I've a topology where I've remote locations with frame circuits back to a central facility with redudant infrastructures. The central facility has two 7200, one with dual circuits to AT&T and another with dual circuits to MCI. The remote facilities have the same arrangement. Each location also has a connection to the internet through a third router.

We currently run rip and static routing and want to move to OSPF.

What types of areas would the remote offices be considered in this arrangement?

Also, does it make more sense to put yet another router at each facility to function as the default gateway of for the office and have it receive a summary route from the two edge routers?

Thanks,

Bob Pierce, ProBusiness

bpierce@probusiness.com

1 Reply 1

svermill
Level 4
Level 4

You can have a) everything in area 0, b) all frame relay routers in some single non-zero area (attaching to area 0 only at the central site), or c) you can make your frame relay routers at all sites (remote and central) ABRs attaching to area 0 towards the center and their respective area out from there. The latter of those three would probably be the best choice in most cases. There are some drawbacks though. All summary advertisements have to traverse the frame relay cloud for one thing (because it is area 0).
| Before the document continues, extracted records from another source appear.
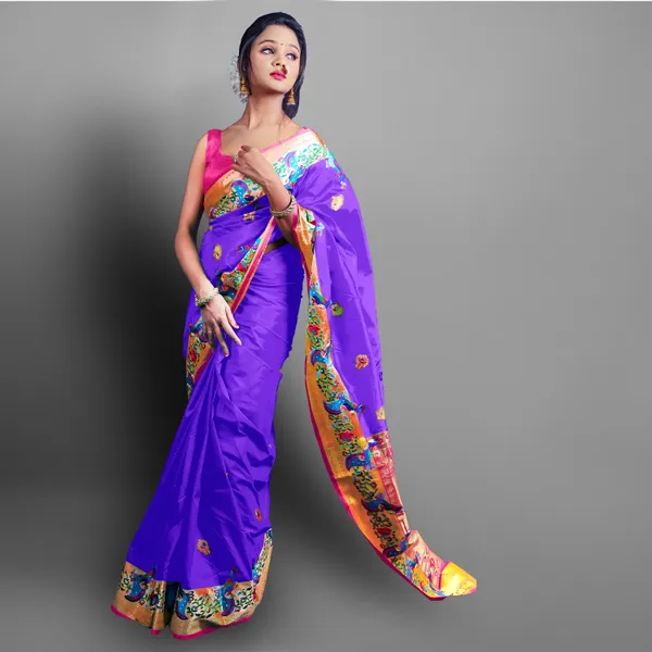 Royal Blue & Pink Semi Silk Embroidery Work Yeola Semi Paithani Saree With ..More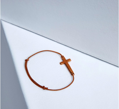 Το βραχιόλι φτιάχνεται με σουετ κορδόνι και διακοσμειται με χρυσό σταυρό.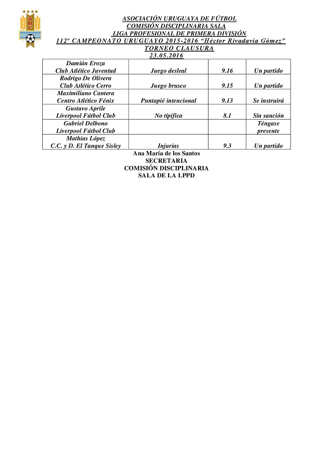 La Comisión Disciplinaria dictó los fallos de los asuntos que tenía pendientes de la antepenúltima fecha del Torneo Clausura jugada el fin de semana pasado. Se destaca la rehabilitación condicional (no figura en el boletín que ilustra este informe) concedida a Guillermo Rodríguez y que fuera gestionada por el delegado de Peñarol Dr. Jorge Barrera. Rodríguez había cumplido la mitad de la pena de dos partidos y como no tenía antecedentes, el órgano jurisdiccional lo rehabilitó y podrá actuar el domingo próximo frente a Plaza Colonia.

As for what types of areas your remote sites will be (assuming you went with option c), I would guess they would need to be set up as NSSAs because of your internet connectivity at each site. An NSSA behaves like a standard stub area in that it doesn't allow type 5 (external) LSAs into the area via the ABR. However, your internet routers become ASBRs and inject type 7 (special external) LSAs that are either restricted to that area or converted to standard type 5 LSAs by the ABR prior to injection into the backbone.

You can still summarize network advertisements coming in from the backbone at the ABRs. And you can have ASBR routers at your central site distribute a default route out to all of the remote sites too.

The other thing that you have to think carefully about is your NBMA configuration for OSPF. This is largely dictated by whether you went with mutipoint subinterfaces or point-to-point subinterfaces.

Finally, before making any commitments, you may want to evaluate the stability of your networks overall. You can end up with a lot of link state database activity when you mix OSPF and frame relay if your not careful.

Check out this link:

http://www.cisco.com/cgi-bin/Support/PSP/psp_view.pl?p=Internetworking:OSPF

This is actually a link to many, many more links. I would recommend, at a minimum, that you read the OSPF Design Guide.